Hunter and Uro partner, Philip Hunter, recently authored the following article on the rise of nuptial agreements for Family Law – market leader in family law, combining a portfolio of leading family law titles in print and online solutions.
Although in common parlance and phraseology, a “pre-nup” was treated with some trepidation by lawyers prior the leading 2010 case of Radmacher, heard in the Supreme Court. Overnight, the antediluvian reluctance by lawyers to encourage clients to embrace a pre-nup was cast aside, with perhaps just a little less enthusiasm than our American cousins.
In the seminal case, the Supreme Court considered the principles to be applied when deciding whether to hold a party to the terms of an ante-nuptial agreement. It held that the Court of Appeal had been correct in holding the husband to the terms of the pre-nuptial agreement, notwithstanding the fact that he had not received legal advice before signing the agreement some three months before the parties’ marriage. The Supreme Court held that the old rule that agreements providing for future separation were contrary to public policy was now obsolete and should be swept away.
Although it perhaps might be fair to see that the take up on pre-nuptial agreements has not been as seismic as anticipated by some commentators, their continued popularity demonstrates that couples still have a significant appetite for protecting their assets, particularly amongst those engaging in marriage later in life, often for the second or third time.
Just like a pre-nuptial agreement, a post-nup spells out how a couple’s assets are to be distributed in the event of divorce. The difference being that a post-nup, as the name would suggest, is an agreement reached at any time after the marriage has begun. Like pre-nups, post-nups are not legally binding, but they do carry weight in the courts’ eyes, providing that they have been signed by both parties without duress following a process of disclosure and that both parties have received independent legal advice.
The Law Commission, the independent, statutory body advising on proposed changes to the law, recommends that a pre or post-nup should be considered binding on the parties, providing the parties’ needs are met.
Ongoing common law changes also points towards a greater use of pre-nups in the future. The recent ruling from the Court of Appeal in Hart v Hart, might arguably mean that it is vital to ensure there is a record of assets brought to the relationship prior to marriage, if it expects that needs of the parties will be readily met by any future matrimonial fruits. In this recent ruling, the Court of Appeal considered the wife’s appeal against a 2015 award of £3.5m from an asset pot of some £9.3m, after 23 years of marriage.

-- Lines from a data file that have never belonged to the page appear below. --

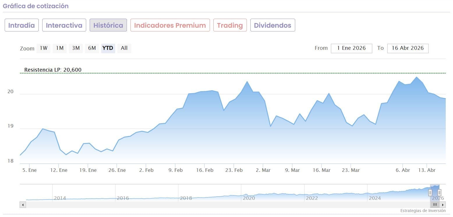 Lo cierto es que su trayectoria sigue siendo favorable en lo que va de año, a pesar de las caídas de la última semana para el valor. En concreto, sube un 8,5% en el ejercicio, mientras que apenas baja un 3,37% desde sus máximos marcados el pasado 8 de abril en los 20,60 euros por acción.
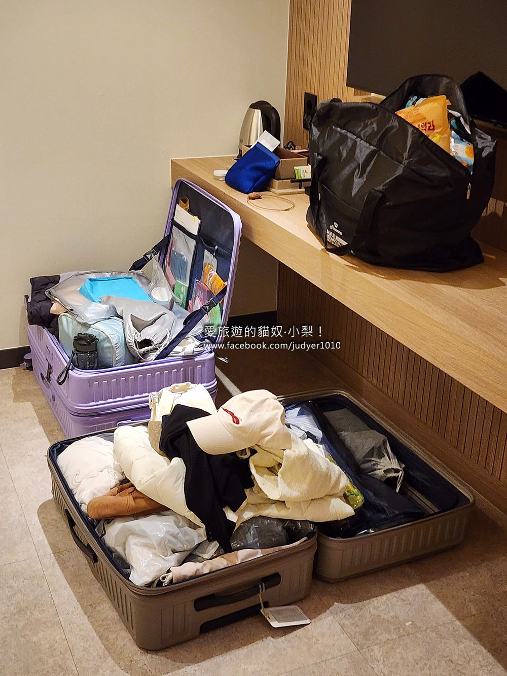 真心的必須要再次讚嘆我的行李箱們!又美又好用,在空間大的房間可以用前開式打開2個29吋+1個25吋的河馬箱(點我看介紹),如下圖
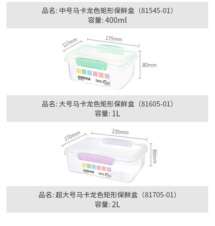 sistemaKlip It Pastels 马卡龙色矩形保鲜盒
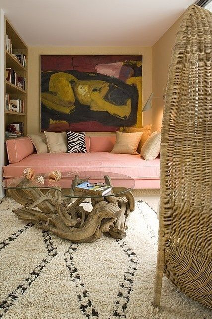 Look for a table with a sculptural base and glass top for an eclectic addition. Keep tabletop decor minimal to aim the focus on the base. We love the amazing wood on this one!
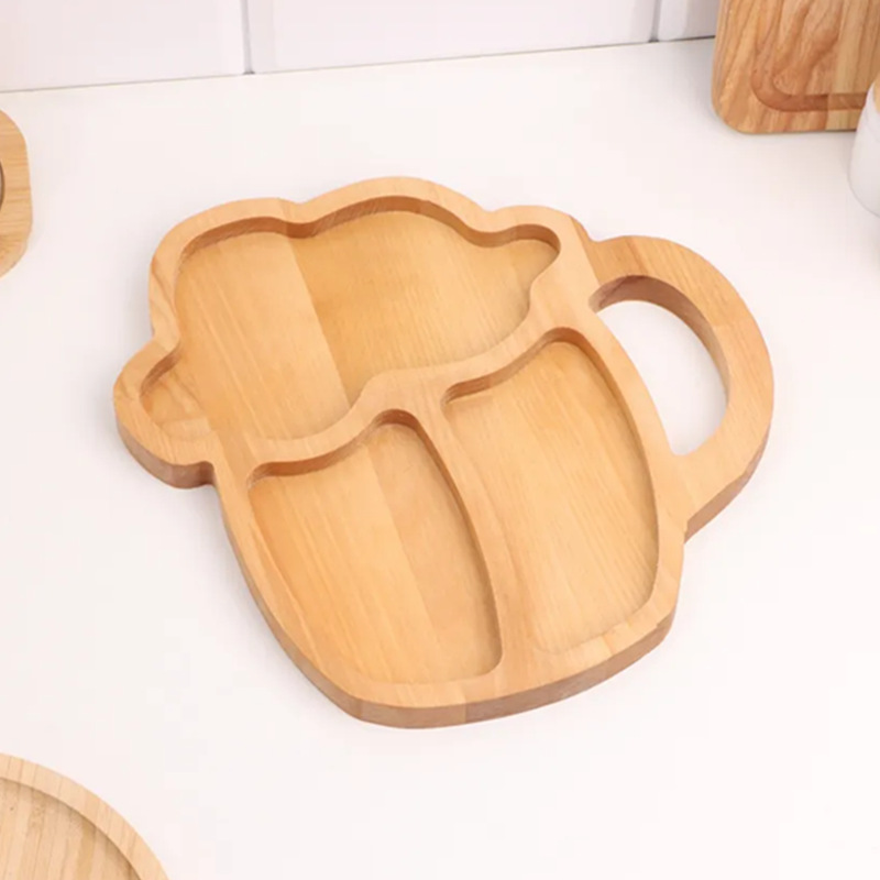 단단한 나무 크리 에이 티브 나무 디너 플레이트 맥주 컵 모양 스낵 트레이 애프터눈 티 말린 과일 견과류 트레이 도매스토어 가기

Post-nups are increasingly used when both husband and wife are earning but jointly decide one of them, frequently the wife, is going to take a career break to raise their children. In cases where her future earning capacity is likely to significantly diminish as a result, a post-nup can offer a comforting buffer and protection for any such reduction imposed on the wife in the event of divorce.
Additionally, post-nups continue to increase in popularity, reflecting the preference for high net worth individuals to negotiate a likely settlement outcome without the need for full and frank disclosure within court proceedings. In addition, these often high-profile individuals can seek to push a preference for concluding a settlement out of the glare of the public spotlight.

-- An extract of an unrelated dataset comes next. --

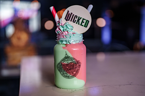 But if you head to The Toothsome Chocolate Emporium at CityWalk the limited-time milkshake, the Ozitively Pink & Green Shake – half strawberry and half key lime, served side-by-side in the cup – is fun, interesting and colorful enough to feel straight out of Glinda and Elphaba’s closet.
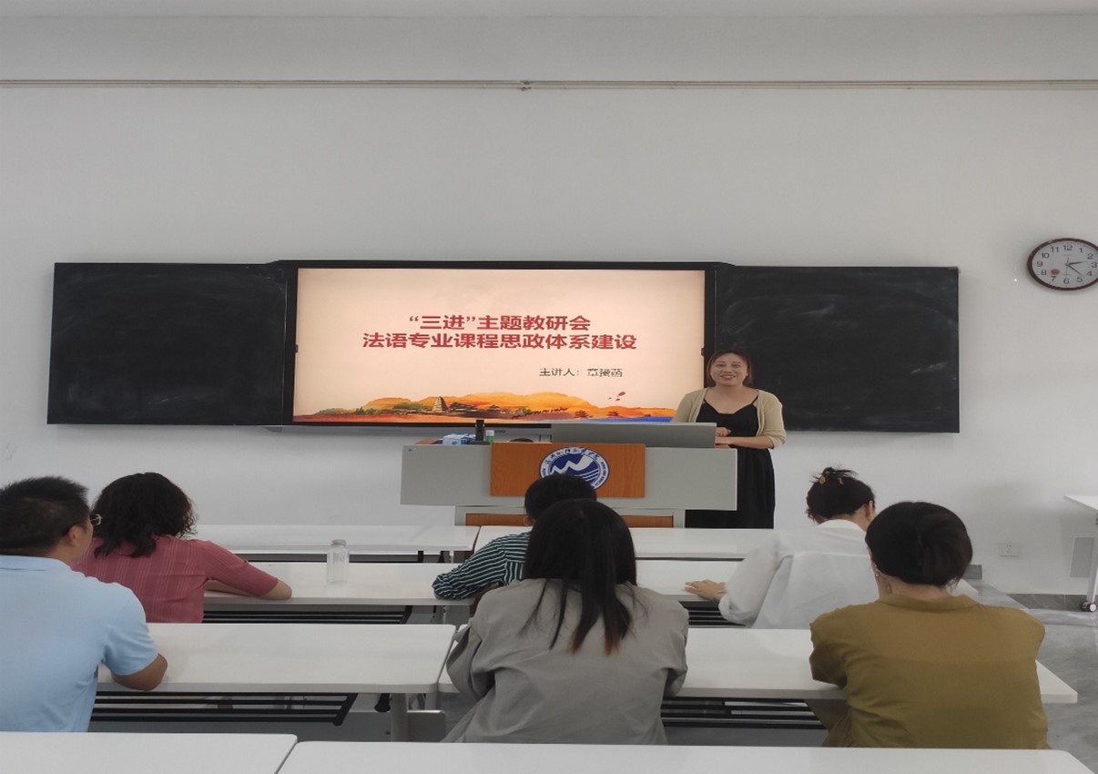 10月10日周二下午,我院法语系主任章赟菡在人文2号楼204召开“三进”主题系列之法语专业课程思政体系建设专题研讨会,法语系全体教师均出席了本次会议。讲座主要围绕外语专业课程思政的内涵、法语专业课程思政体系建设思路及建设路径三方面内容展开。章赟菡提出,立德树人是教育的根本任务,外语人才作为连接中国与世界的桥梁,外语专业教师更应该承担起这一历史使命,将价值引领融入课程设计,培养学生讲好中国当代故事的能力,紧扣“问题+目标+结果”的成果导向原则,落实课程教学与课程考核的实际改革,让语言教学与课程思政同向同行,培养出一批真正合格的外语人才。会上,章赟菡老师还结合了《法语听力》课程思政设计进行案例分享,其他教师也针对此案例展开了热烈的讨论。

There is a tranche of society, largely formed of those with inherited wealth and high net worth, for whom we will likely see a continued increase in the use of nuptial agreements as part of a wide-ranging strategy to protect that wealth – in much the same way that off-shore storage of money and the use of financial trusts already forms part of that arsenal. These are frequently individuals for whom the sharing principle will apply, as needs are likely to be readily met. For the masses, in knowing that needs will trump all, take up for nuptial agreements is likely to be more modest.